Data supplied below:

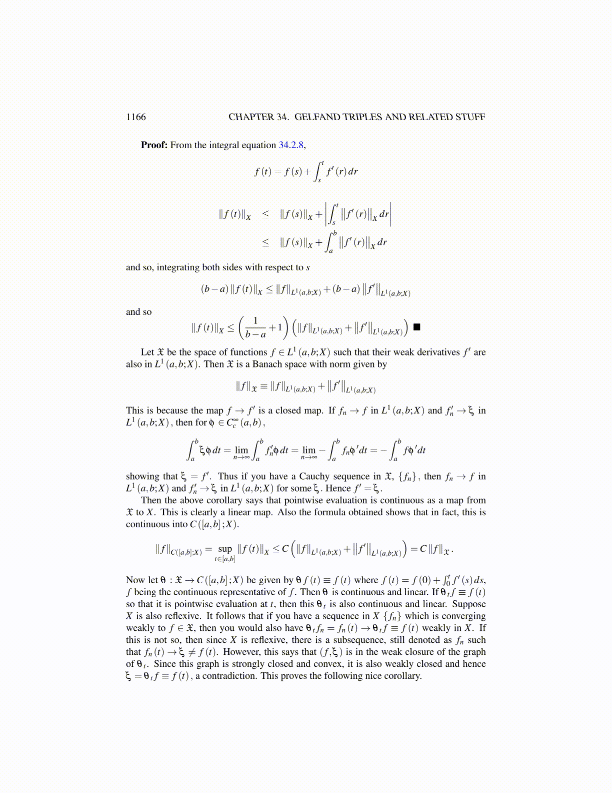 Then the above corollary says that pointwise evaluation is continuous as a map fromX to X . This is clearly a linear map. Also the formula obtained shows that in fact, this iscontinuous into C ([a,b] ;X).
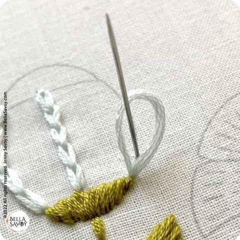 You can go ahead and pull your needle all the way through and allow the loop to naturally fall into place as the thread tightens. This will give you a smooth, clean chain stitch.
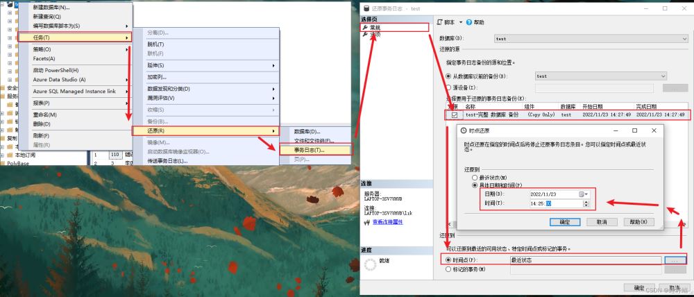 - 12:05 我们发现自己误操作了,马上设置访问权限,进行事务日志备份(这很关键),此时我们就有了2022-10-11所有的完整数据,以及到2022-10-12 12:05所有的事务日志。那么我们就可以根据2022-10-11的完整数据以及2022-10-12 12:05 的事务日志去反推12:00的数据。因此我们需要做的第一个操作先还原2022-10-11的完整数据备份,然后还原2022-10-12 12:05事务日志备份,并且设置还原的时间点。最后数据库系统会根据完整数据以及事务日志备份和设置的还原时间点去恢复数据。
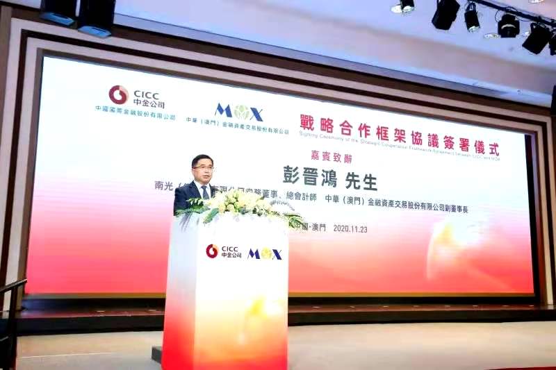 Mr. Peng Jinhong, Chief Accountant of Nam Kwong and Vice Chairman of MOX, said in his speech: “As an emerging local financial institution, it was a great pleasure of MOX to work with CICC under the background of the BRI, renminbi internationalization and the development of the Guangdong-Hong Kong-Macao Greater Bay Area, as well as the development pattern of ‘dual circulation’ where domestic and foreign markets can boost each other with the domestic market as the mainstay. The two parties can leverage their respective strengths and promote deep cooperation in bond, overseas state-owned equity transaction and other businesses, in order to contribute to Macao’s influence in the international financial market and the region’s integration into China’s bigger picture of development.”
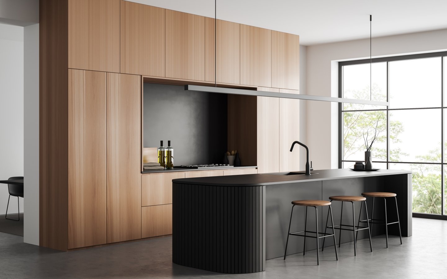 In general, a modern kitchen should have hardware that has a more contemporary look. Hidden pulls, finger pulls, simple shapes with very little detail, very straight, oversized long pulls with simple flat front drawers.

End of Data supplied.

• **Task item**
Retype the listing exactly and drop the pictures.

• **Task output**
 Then the above corollary says that pointwise evaluation is continuous as a map fromX to X . This is clearly a linear map. Also the formula obtained shows that in fact, this iscontinuous into C ([a,b] ;X).
 You can go ahead and pull your needle all the way through and allow the loop to naturally fall into place as the thread tightens. This will give you a smooth, clean chain stitch.
 - 12:05 我们发现自己误操作了,马上设置访问权限,进行事务日志备份(这很关键),此时我们就有了2022-10-11所有的完整数据,以及到2022-10-12 12:05所有的事务日志。那么我们就可以根据2022-10-11的完整数据以及2022-10-12 12:05 的事务日志去反推12:00的数据。因此我们需要做的第一个操作先还原2022-10-11的完整数据备份,然后还原2022-10-12 12:05事务日志备份,并且设置还原的时间点。最后数据库系统会根据完整数据以及事务日志备份和设置的还原时间点去恢复数据。
 Mr. Peng Jinhong, Chief Accountant of Nam Kwong and Vice Chairman of MOX, said in his speech: “As an emerging local financial institution, it was a great pleasure of MOX to work with CICC under the background of the BRI, renminbi internationalization and the development of the Guangdong-Hong Kong-Macao Greater Bay Area, as well as the development pattern of ‘dual circulation’ where domestic and foreign markets can boost each other with the domestic market as the mainstay. The two parties can leverage their respective strengths and promote deep cooperation in bond, overseas state-owned equity transaction and other businesses, in order to contribute to Macao’s influence in the international financial market and the region’s integration into China’s bigger picture of development.”
 In general, a modern kitchen should have hardware that has a more contemporary look. Hidden pulls, finger pulls, simple shapes with very little detail, very straight, oversized long pulls with simple flat front drawers.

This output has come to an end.